Is your main character really you?
I have two series out with two very different heroines. And yet I keep getting the comment about my main characters, from readers who know me that “she is so you.” I don’t see it but we are told to write what we know. So perhaps . . .?
Yes, I sometimes use ideas from my life when creating my heroines but I don’t think they are a lot like me. I mean they get into all kinds of trouble solving mysteries. I just write mysteries. Okay, mysteries do connect us.
One reader suggested that perhaps I am writing a character who is the person I really want to be. Wow.
I looked through my books and was a bit concerned. Do I really want to find a dead body on the beach like Hilly does in Peril at the Point, the first book of the Lamb’s Bay series? Or get abducted by a madman (Dancing at Dove Lake, book 5)? And what about finding a skeleton buried in my yard (Death at Dune Road, Book 6)?
And yes, Bailey Summers is a journalist, a profession I used to have, but I never got trapped in a cave with a maniacal police chief (Summers in San Somás, Book 1 of the Bailey Summers Mysteries) or held at gunpoint by an international terrorist and then chased by a bear (Summers in Wolf Falls, book 2).
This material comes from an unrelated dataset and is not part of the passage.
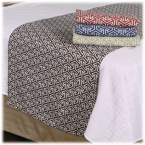 The Tri'Aro 100% polyester jacquard design bed scarves and runners are a compliment to any hotel, motel, or bed & breakfast property looking to take the next step towards modernization. Available in four fashionable colors: Blue, Brick, Brown, and Sage. Complete the entire ensemble with the coordinating bed skirt and a matching or contrasting bolster / square pillow. Sold in full cartons of 6.

Or even got mixed up in an investigation into a brutal attack on my father (Summers in the City, book 3)?
Are Hilly and Bailey my alter egos? Or is just that I drew on my life experiences as well as research to create my heroines?
I guess we do put something of ourselves into the characters we create. Write what you know – then add in action, crimes and investigations. I love writing mysteries.
Do you see yourself in the characters you write?